> _What to work on_:
What is wanted is every line below from the one with "Комитет жилищного хозяйства" up to and including the one with "紺色のソレイユガラスビーズと", retyped exactly, pictures excluded, nothing else.
### Supplied records
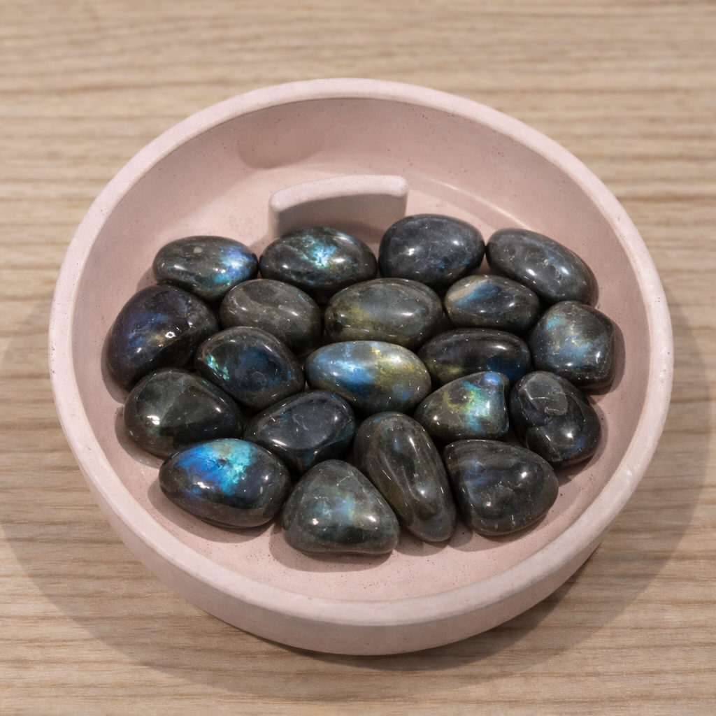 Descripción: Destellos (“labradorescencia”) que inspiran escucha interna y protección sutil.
######
### Supplied records
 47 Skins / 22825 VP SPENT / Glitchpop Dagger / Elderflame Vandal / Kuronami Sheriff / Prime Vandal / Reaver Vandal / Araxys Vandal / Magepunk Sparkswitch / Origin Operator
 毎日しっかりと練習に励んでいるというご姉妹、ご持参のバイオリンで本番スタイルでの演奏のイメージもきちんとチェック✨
######
### Supplied records
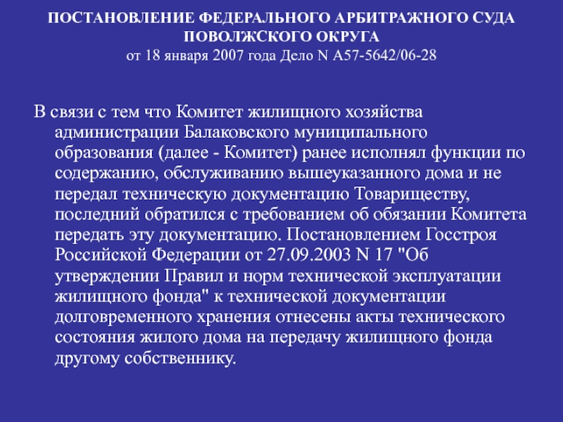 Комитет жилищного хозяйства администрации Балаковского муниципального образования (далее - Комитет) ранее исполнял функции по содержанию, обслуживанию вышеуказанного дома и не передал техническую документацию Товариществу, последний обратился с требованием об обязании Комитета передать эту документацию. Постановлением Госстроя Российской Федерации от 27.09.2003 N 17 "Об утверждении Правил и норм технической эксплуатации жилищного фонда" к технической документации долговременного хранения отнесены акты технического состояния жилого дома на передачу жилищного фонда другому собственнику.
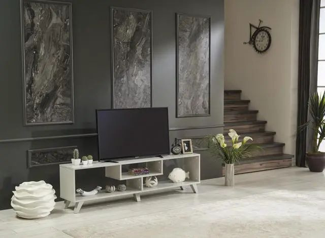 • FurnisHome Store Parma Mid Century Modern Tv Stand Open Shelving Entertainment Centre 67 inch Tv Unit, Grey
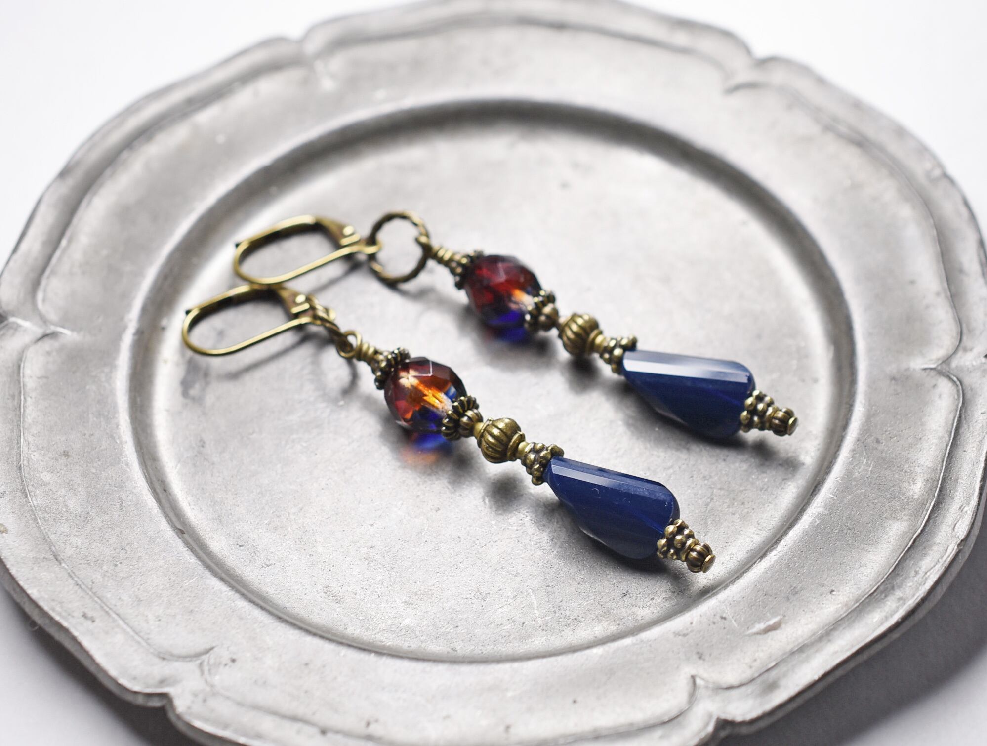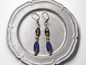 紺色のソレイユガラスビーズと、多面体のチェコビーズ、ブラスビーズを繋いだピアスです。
######
> _Output for this exercise_:
 Комитет жилищного хозяйства администрации Балаковского муниципального образования (далее - Комитет) ранее исполнял функции по содержанию, обслуживанию вышеуказанного дома и не передал техническую документацию Товариществу, последний обратился с требованием об обязании Комитета передать эту документацию. Постановлением Госстроя Российской Федерации от 27.09.2003 N 17 "Об утверждении Правил и норм технической эксплуатации жилищного фонда" к технической документации долговременного хранения отнесены акты технического состояния жилого дома на передачу жилищного фонда другому собственнику.
 • FurnisHome Store Parma Mid Century Modern Tv Stand Open Shelving Entertainment Centre 67 inch Tv Unit, Grey
 紺色のソレイユガラスビーズと、多面体のチェコビーズ、ブラスビーズを繋いだピアスです。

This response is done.